The repository was developed by: Bjarke Christensen, Bertram Højer, Karl Kieler & Oliver Jarvis
This project is a variation of the 'ogbn-products' classification task [https://ogb.stanford.edu/docs/nodeprop/#ogbn-products]. We attempt to solve a node-level classification task. The original dataset is a graph of amazon products purchased together where node-level features are PCA derived representations of a bag-of-words embedding of product descriptions. We have updated the graph such that node-level features are instead BERT-embeddings and compare a simple MLP model to a ClusterGCN model.
In order to train the embeddings models, the dataset is needed. The dataset can downloaded from here.
Once downloaded, add the .csv to the data folder.
Instead of downloading the data, you can also pre-process it yourself.
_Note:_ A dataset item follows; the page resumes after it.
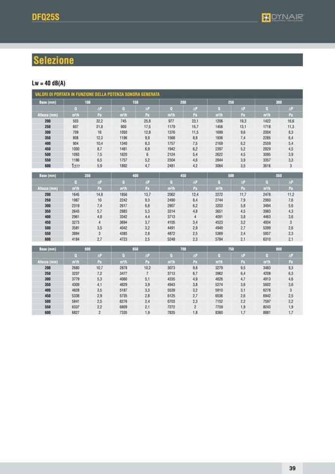VALORI DI PORTATA IN FUNZIONE DELLA POTENZA SONORA GENERATA

This requires downloading the following files, unpacking them and adding them to the data folder.
Amazon-3M: https://drive.google.com/file/d/1gsabsx8KR2N9jJz16jTcA0QASXsNuKnN/view?usp=sharing
nodeidx2asin.csv: https://drive.google.com/file/d/1hxWJ3e_Jfk9HCdOqKSEk3HMFqpylkgak/view?usp=share_link
Word embeddings are created using the 'SentenceTransformers' library for all original product descriptions. We used the MiniLM model [https://huggingface.co/sentence-transformers/all-MiniLM-L6-v2]. All matching nodes in the graph have then been updated with the new embedding features. When updating the graph we go from 2.45M to 2.35M nodes.
The MLP models were trained in google colab notebooks:
-
Bag-of-words implementation: https://colab.research.google.com/drive/1CafDsj3n39SBXOpTZZtThuFbu5J8ZU4N?usp=sharing
-
Sbert implementation: https://colab.research.google.com/drive/1vu1sAFRL2sGWkHGQ0EWl1td0KNR6gdDd?usp=sharing
The MLP we train has a very simple architecture. We simply wanted to assess potential differences in using the graph structure of the problem for classification or simply using the embeddings. The difference in model size is due to differences in the embedding space of the BOW embeddings and the Sbert embeddings.
Embedding | Parameters | Acc. | F1 |
---|---|---|---|
BOW | 221,999 | 73.6 % | 72,2 % |
BERT | 367,457 | 86.6 % | 86.2 % |
General GCNs have a bottleneck in terms of efficiency and scalability. ClusterGCN attempts to combat this problem by partitioning the graph into subgraphs and performing convolutions on these to reduce time and memory complexity. The output of each cluster is aggregated to obtain the final prediction. The file for training is ogbn.py and ogbn_pca.py. The difference in model size is due to differences in the embedding space of the BOW embeddings and the Sbert embeddings.
Embedding | Parameters | Acc. | F1 |
---|---|---|---|
BOW | 75,576 | 87.5 % | 86.5 % |
BERT | 220,097 | 90.1 % | 90.6 % |
.
├── README.md
├── models
│ ├── bow-model-checkpoint-100.pt
│ ├── embedding-model-checkpoint-150.pt
│ ├── gcn_model_embedding_2layer_epoch500.pt
│ └── gcn_model_pca_2layer_epoch250.pt
├── requirements.txt
└── src
├── create_dataset.py
├── create_embeddings.py
├── create_graph_dataset.py
├── evaluation.ipynb
├── ogbn.py
└── ogbn_pca.py